A structured set of objections, weighed in public.

Desk editor's note, referee report, simulated authors' rebuttal, and a circularity audit. Tearing a paper down is the easy half of reading it; the pith above is the substance, this is the friction.

Desk Editor's Note private letter to a colleague

ChemCrow gives a concrete example of wiring 18 chemistry tools to an LLM agent and running it on real synthesis targets, but the autonomy and evaluation claims need tighter documentation to hold up fully.

read the letter

ChemCrow is a working demonstration of an LLM agent equipped with chemistry tools that can handle planning for real synthesis targets. The authors report autonomous execution on an insect repellent, three organocatalysts, and a novel chromophore discovery. This combination of 18 tools with the agent framework is the concrete new element, and it shows how to bridge the gap between computational tools and experimental chemistry without requiring the model to internalize all the details. What the paper does well is lay out a clear set of tools and show results on diverse tasks. The dual assessment with LLM and expert judges is a straightforward way to check the quality of the plans and outcomes.

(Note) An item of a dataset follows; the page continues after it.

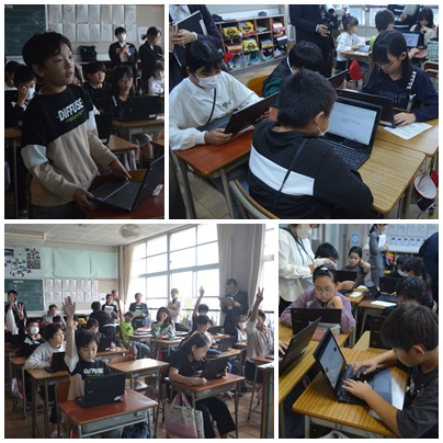 今日は先生たちの研修の一環で,1組に先生たちが来て,社会科の授業を見ました。子どもたちは自動車に関するさまざまな資料から,自動車の未来を考えました。かかわりながら「こういうことが読み取れるよ」「こういうことが考えられるよ」と,さまざまな見方で資料を見ました。一生懸命取り組む5年生の姿を,どの先生方もすごく褒めていました。高学年として,よい姿を見せることができましたね。よくがんばりました。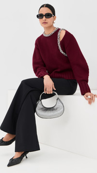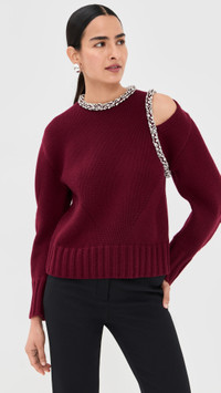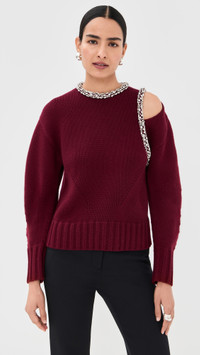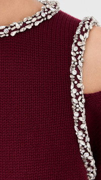 - Fabric: Heavyweight stretch knit - Crystal embellishments - Cutout detail at shoulder - Ribbed edges - Crew neck - Long sleeves - Button keyhole at back - Shell: 89% wool/10% cashmere/1% nylon - Dry clean - Imported, China Style #JONDB31846 Size & Fit Model measurements: Size XS: Priyanka (5'9") usually wears size XS Measurements from size XS Length: 20.75in / 53.0cm, from shoulder

It lowers the barrier for non-experts while giving experts a starting point for more complex work. The soft spots center on the autonomy and the surprising evaluation result. The stress-test point holds: the paper needs to show that the successful trajectories had no human edits or post-hoc selection, otherwise the autonomy claim is not fully supported by the evidence presented. Similarly, the finding that GPT-4 cannot distinguish wrong GPT-4 outputs from ChemCrow's requires a clearer description of the test setup to be convincing. These are not fatal but they mean the central claims are only partially backed so far. This paper is for people in computational chemistry and AI agents who are interested in practical applications. It gives value to readers who want to replicate or extend tool-augmented systems in science. It deserves a serious referee because the implementation is specific and the results are tied to actual chemical outcomes, which makes it worth the time to review and improve. I would send it to peer review.

Referee Report

2 major / 2 minor

Summary. The manuscript introduces ChemCrow, an LLM-based agent augmented with 18 expert-designed chemistry tools to address tasks in organic synthesis, drug discovery, and materials design. It reports that the agent autonomously planned and executed syntheses of an insect repellent, three organocatalysts, and guided discovery of a novel chromophore, with supporting evaluations from both LLMs and human experts. The work also claims that GPT-4 evaluators cannot distinguish ChemCrow outputs from clearly incorrect GPT-4 completions.

Significance. If the autonomy and reliability claims are substantiated, the integration of multiple domain-specific tools into a single agent framework would represent a practical advance in making computational chemistry tools more accessible and bridging experimental and computational workflows. The reported case studies provide concrete demonstrations of multi-step planning, which could lower barriers for non-experts while aiding experts.

major comments (2)

[Results] Results (autonomous synthesis cases): The central claim of autonomous planning and execution requires evidence that the reported successful trajectories (insect repellent, organocatalysts, chromophore) were produced without human filtering, correction, or post-hoc selection of paths. The manuscript supplies neither the complete tool-call traces nor an explicit statement confirming absence of human intervention at any step; this directly affects the strength of the autonomy assertion.
[Evaluation] Evaluation section: The claim that GPT-4 cannot distinguish wrong GPT-4 completions from ChemCrow outputs is presented as surprising but lacks sufficient protocol detail, including how the 'clearly wrong' completions were constructed, the exact evaluator prompt, and any error analysis or inter-rater statistics. This weakens support for the evaluation rigor.

minor comments (2)

[Abstract] Abstract and introduction: The phrase 'autonomously planned and executed' should be qualified with a brief note on the scope of human oversight in tool design and result validation to avoid overstatement.
[Methods] Methods: A table listing the 18 tools with brief descriptions and input/output formats would improve reproducibility and clarity.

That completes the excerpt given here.